Content starts

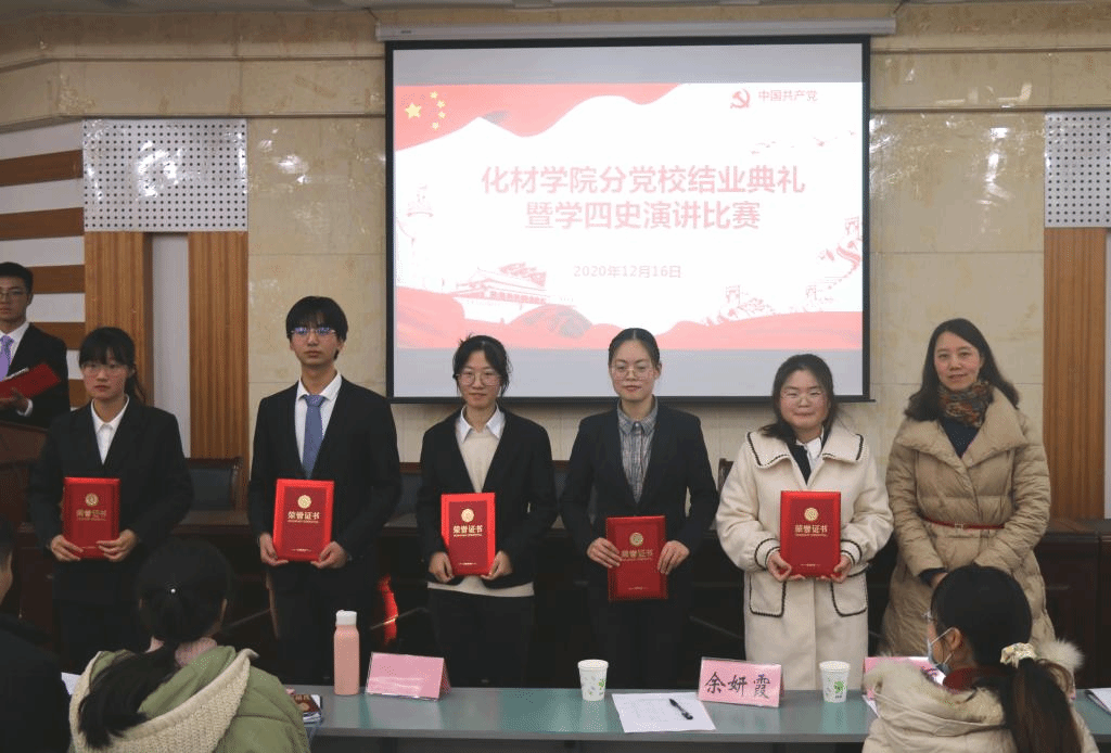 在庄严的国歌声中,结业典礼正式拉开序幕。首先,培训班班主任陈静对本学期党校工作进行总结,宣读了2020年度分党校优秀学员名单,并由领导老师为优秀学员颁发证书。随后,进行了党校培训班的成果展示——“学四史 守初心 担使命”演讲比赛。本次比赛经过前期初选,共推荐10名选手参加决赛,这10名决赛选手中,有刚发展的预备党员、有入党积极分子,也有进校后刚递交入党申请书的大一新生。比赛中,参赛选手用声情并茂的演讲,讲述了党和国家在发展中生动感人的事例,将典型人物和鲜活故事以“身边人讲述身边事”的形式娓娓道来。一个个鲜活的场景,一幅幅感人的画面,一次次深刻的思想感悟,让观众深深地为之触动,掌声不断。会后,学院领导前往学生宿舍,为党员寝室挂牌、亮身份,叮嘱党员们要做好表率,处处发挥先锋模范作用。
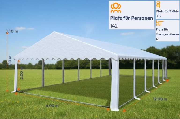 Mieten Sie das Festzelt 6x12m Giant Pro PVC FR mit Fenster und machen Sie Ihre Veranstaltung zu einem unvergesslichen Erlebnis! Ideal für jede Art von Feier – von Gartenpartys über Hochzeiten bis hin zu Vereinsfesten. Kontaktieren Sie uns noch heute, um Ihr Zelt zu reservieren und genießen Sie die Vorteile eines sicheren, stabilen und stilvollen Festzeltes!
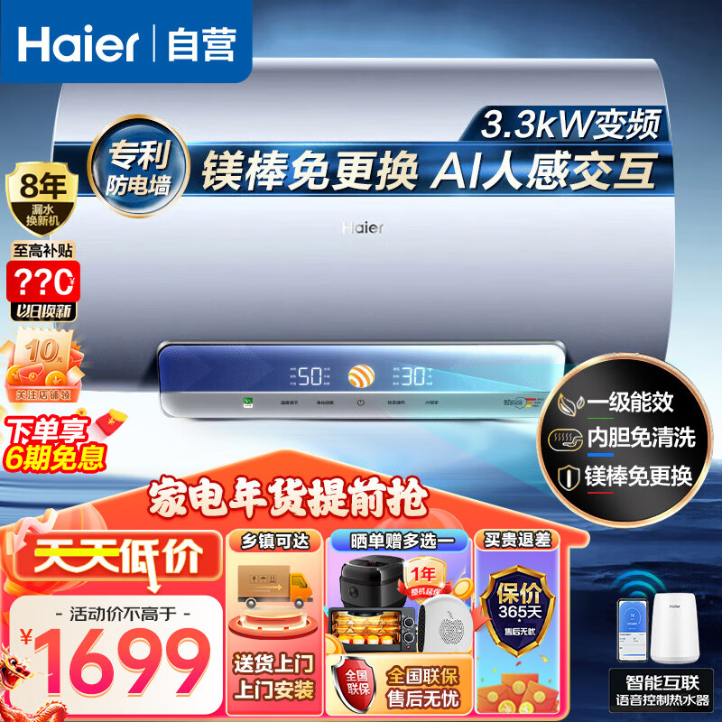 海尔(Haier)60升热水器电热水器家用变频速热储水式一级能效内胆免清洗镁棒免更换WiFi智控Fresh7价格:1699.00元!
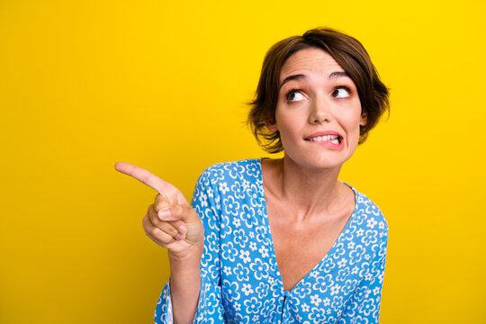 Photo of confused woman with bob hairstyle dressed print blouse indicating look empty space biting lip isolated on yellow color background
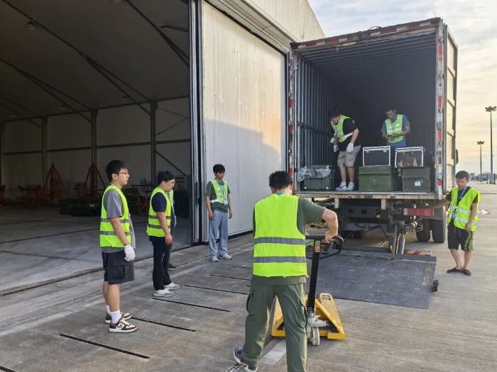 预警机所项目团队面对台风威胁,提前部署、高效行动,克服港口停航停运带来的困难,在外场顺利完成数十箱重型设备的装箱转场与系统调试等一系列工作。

Content ends

PROBLEM ->
When you copy the listing above, reproduce every line exactly and skip the images.

RESULT FOR THIS EXERCISE ->
 在庄严的国歌声中,结业典礼正式拉开序幕。首先,培训班班主任陈静对本学期党校工作进行总结,宣读了2020年度分党校优秀学员名单,并由领导老师为优秀学员颁发证书。随后,进行了党校培训班的成果展示——“学四史 守初心 担使命”演讲比赛。本次比赛经过前期初选,共推荐10名选手参加决赛,这10名决赛选手中,有刚发展的预备党员、有入党积极分子,也有进校后刚递交入党申请书的大一新生。比赛中,参赛选手用声情并茂的演讲,讲述了党和国家在发展中生动感人的事例,将典型人物和鲜活故事以“身边人讲述身边事”的形式娓娓道来。一个个鲜活的场景,一幅幅感人的画面,一次次深刻的思想感悟,让观众深深地为之触动,掌声不断。会后,学院领导前往学生宿舍,为党员寝室挂牌、亮身份,叮嘱党员们要做好表率,处处发挥先锋模范作用。
 Mieten Sie das Festzelt 6x12m Giant Pro PVC FR mit Fenster und machen Sie Ihre Veranstaltung zu einem unvergesslichen Erlebnis! Ideal für jede Art von Feier – von Gartenpartys über Hochzeiten bis hin zu Vereinsfesten. Kontaktieren Sie uns noch heute, um Ihr Zelt zu reservieren und genießen Sie die Vorteile eines sicheren, stabilen und stilvollen Festzeltes!
 海尔(Haier)60升热水器电热水器家用变频速热储水式一级能效内胆免清洗镁棒免更换WiFi智控Fresh7价格:1699.00元!
 Photo of confused woman with bob hairstyle dressed print blouse indicating look empty space biting lip isolated on yellow color background
 预警机所项目团队面对台风威胁,提前部署、高效行动,克服港口停航停运带来的困难,在外场顺利完成数十箱重型设备的装箱转场与系统调试等一系列工作。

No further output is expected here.